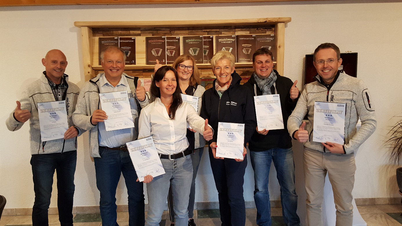 Anfang Mai startete Michlbauer mit diesem Musizier-Workshop im neu eröffneten Harmonika Trainingscenter in die heurige Sommersaison. Zum Auftakt war eine 8-köpfige Harmonikagruppe aus den Niederlanden im neuen Michlbauer-Haus in Reutte zu Besuch. Sie nützten die Gelegenheit ihren einwöchigen Urlaub in der Naturparkregion Reutte mit einem Intensiv-Workshop beim musikalischen Leiter Johannes Petz in der Michlbauer Harmonikawelt zu verbinden. Die Teilnehmer zeigten sich vom Workshop nicht nur begeistert, sondern nahmen neben vielen schönen Eindrücken auch ein Stück alpenländische Musikkultur mit in ihre Heimat, welche sie dort dann wieder weitertragen.
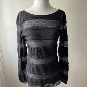 BCBGmaxazria black semi-sheer lace long sleeve shirt size medium
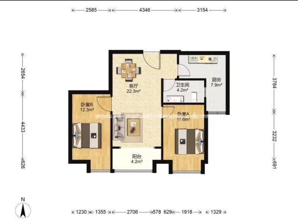 3、南北通透,全明户型,精致装修,干净温馨,家具家电齐全,拎包入住。

• • •

> _Work request_
Every line from the one with "BCBGmaxazria black semi-sheer" through the end of the material above should be restated word for word, with the pictures left out.

> _Exercise solution_
 BCBGmaxazria black semi-sheer lace long sleeve shirt size medium
 3、南北通透,全明户型,精致装修,干净温馨,家具家电齐全,拎包入住。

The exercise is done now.